Interpretive Summary: Corn stunt disease is a major limiting factor in production of corn (Zea mays L.) in the Americas. The pathogen that causes this disease is a minute, helical, cell wall-less bacterium known as the corn stunt spiroplasma, Spiroplasma kunkelii. The overall objective of our work was to aid the development of corn varieties that are resistant to the disease and to enhance research concerning the geographical distribution and spread of the corn stunt spiroplasma. In this paper, we report the design of oligonucleotide primers for use in the polymerase chain reaction (PCR). We designed primers on the basis of nucleotide sequences of the gene encoding a membrane protein, spiralin, in different species of Spiroplasma. By using these primers, we achieved sensitive detection of spiroplasma DNA, and specific detection of corn stunt spiroplasma DNA. The availability of this sensitive and specific PCR for detection and identification of S. kunkelii should facilitate studies of the ecology of this pathogen, as well as its influence on the incidence, spread, and severity of corn stunting disorders.

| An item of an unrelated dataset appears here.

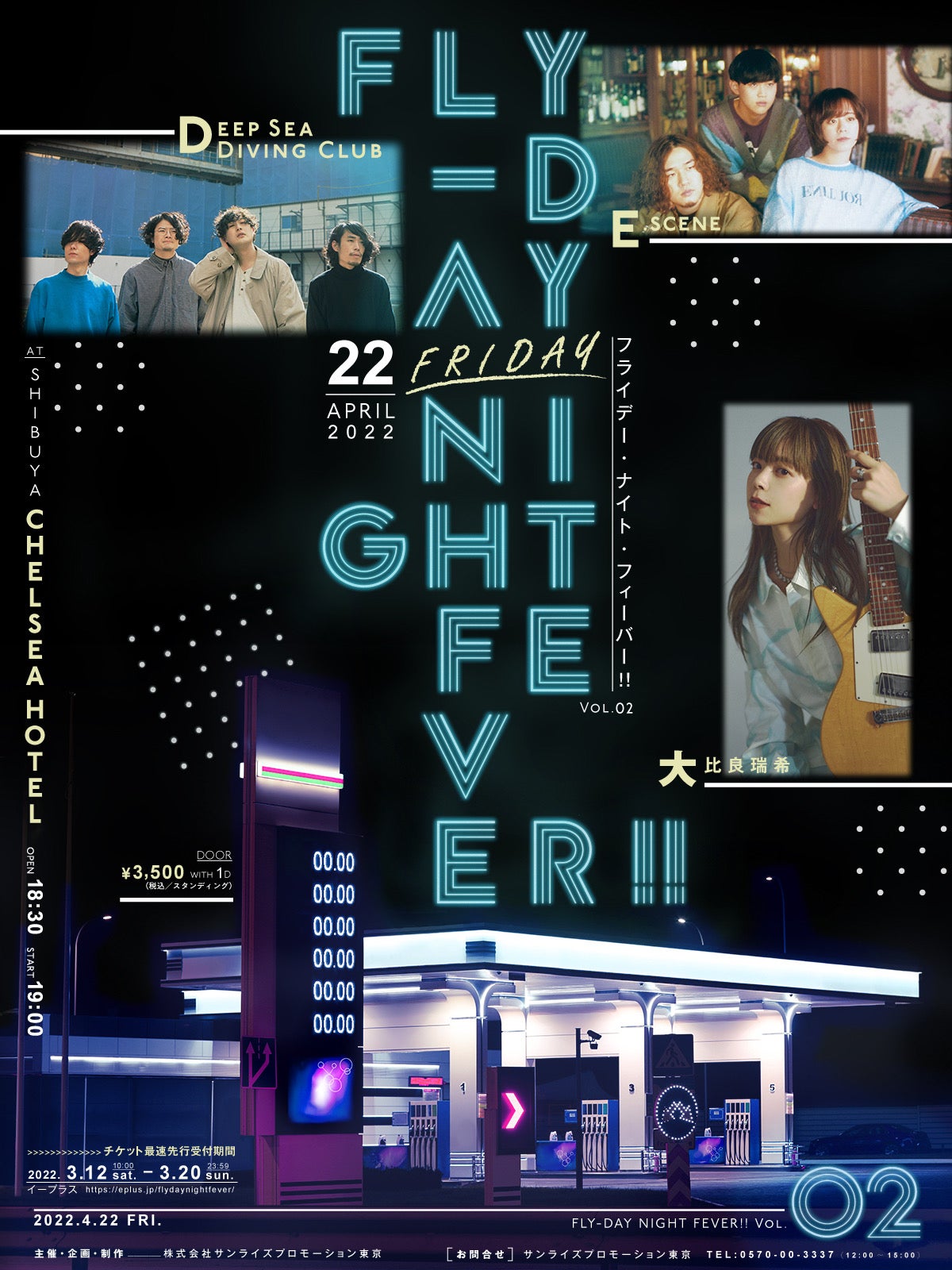 2022年4月22日(金)に東京・渋谷チェルシーホテルで開催する音楽イベント「FLY-DAY NIGHT FEVER vol.2」に、E.scene、大比良瑞樹、Deep Sea Diving Clubの出演が決定。チケットは3月12日(土)10:00より、イープラスにて最速先行販売を開始します。

Technical Abstract: Corn stunt disease is a major limiting factor in production of corn (Zea mays L.) in the Americas. To develop a polymerase chain reaction (PCR) assay specific for detection of the causal agent, Spiroplasma kunkelii, PCR primers were designed on the basis of unique regions of the nucleotide sequence of the S. kunkelii spiralin gene. DNA was amplified in PCRs containing template DNAs derived from laboratory strains of S. kunkelii and from naturally diseased corn plants collected in the field. No DNA amplification was observed in PCRs containing template DNAs derived from other Spiroplasma species tested or from healthy corn or corn infected by maize bushy stunt phytoplasma. The availability of a sensitive and specific PCR for detection and identification of S. kunkelii should facilitate studies of the ecology of this pathogen, as well as its influence in the incidence, spread, and severity of corn stunting diseases.